Quartiere spagnolo-Marsala

Quartiere spagnolo-Marsala


I cittadini di Marsala, come tutti gli altri Siciliani, erano obbligati, con notevole aggravio economico, a dare ospitalità ai soldati spagnoli in servizio sull'isola, presso le proprie abitazioni con gli immaginabili inconvenienti. Dopo aver tentato una via alternativa con l'affitto di case vuote, fallito sia per i prezzi alti o addirittura gonfiati sia per le azioni di vandalismo operate dagli stessi soldati, alla fine del 1570 il Consiglio Civico decise di costruire un vero e proprio quartiere militare istituendo un'apposita tassa a carico dei cittadini, stanchi dei soprusi delle truppe spagnole di passaggio o di presidio.

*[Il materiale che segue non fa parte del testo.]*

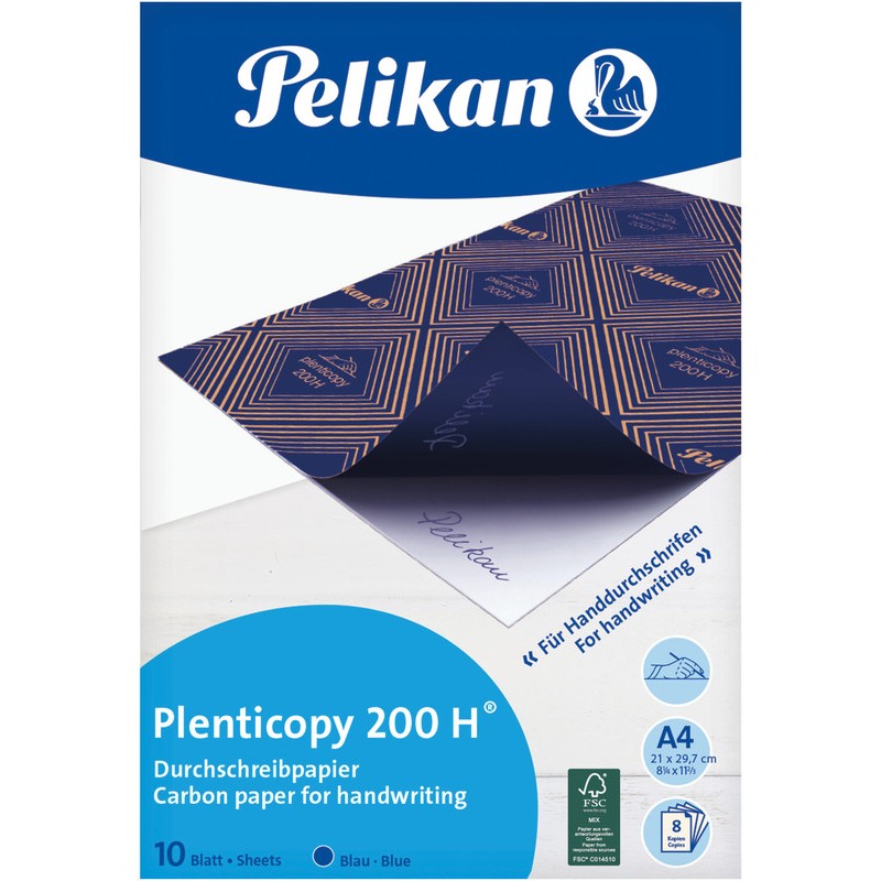 Papier carbone pour écrire à la main PELIKAN Plenticopy 200 H® bleu, pour un très grand nombre de copies, couche à base de cire sur support papier pour un rendu élevé de la couleur, format 210 x 297 mm. Boîte de 10 feuilles.

L'edifico fu completato molto probabilmente nei primi anni del XVII secolo ed è ubicato all'interno del centro storico, nell'area compresa tra Via Santa Caterina, Piazza Marconi, Piazza Addolorata e Via Garibaldi (dove è il prospetto principale). Due secoli dopo i Borboni ne contesero il possesso al Comune di Marsala che solo nel 1867 si vide riconoscere dal Regno d'Italia i diritti sulla struttura, già da tempo utilizzata come sede degli uffici comunali Gli ambienti interni dell'ex quartiere militare della città. si aprono su un cortile ampio cui si accede tramite un piano galleria. La tipologia del portale rientra tra quelli rinascimentali mentre l'edificio è completato da merlature.L'accesso principale, sulla via Garibaldi a poche decine di metri dall'omonima Porta, è assicurato da un grande arco sul quale è scolpito, su un bassorilievo in marmo bianco, l'antico stemma della città costituito dalla tortuosa scaletta e il prospetto dell'antica chiesa della Madonna della Grotta. Questo ingresso immette in un ampio cortile quadrato al centro del quale c'è una fontana, un tempo usata per abbeverare i cavalli, e un albero secolare dall'ampissima chioma. Un altro ingresso, proprio adiacente a Porta Garibaldi, immette in un'altra area del quartiere spagnolo, quella delle stalle, oggi adibita a mercato del pesce (ma non solo), ricca di colori e di odori dove prendono vita una serie di locali e winebar che animano la vita notturna della città. Oggi questo quartiere è usato come sede degli uffici comunali. Nel cortile si conservano cippi ed epigrafi di età romana di grande importanze storica.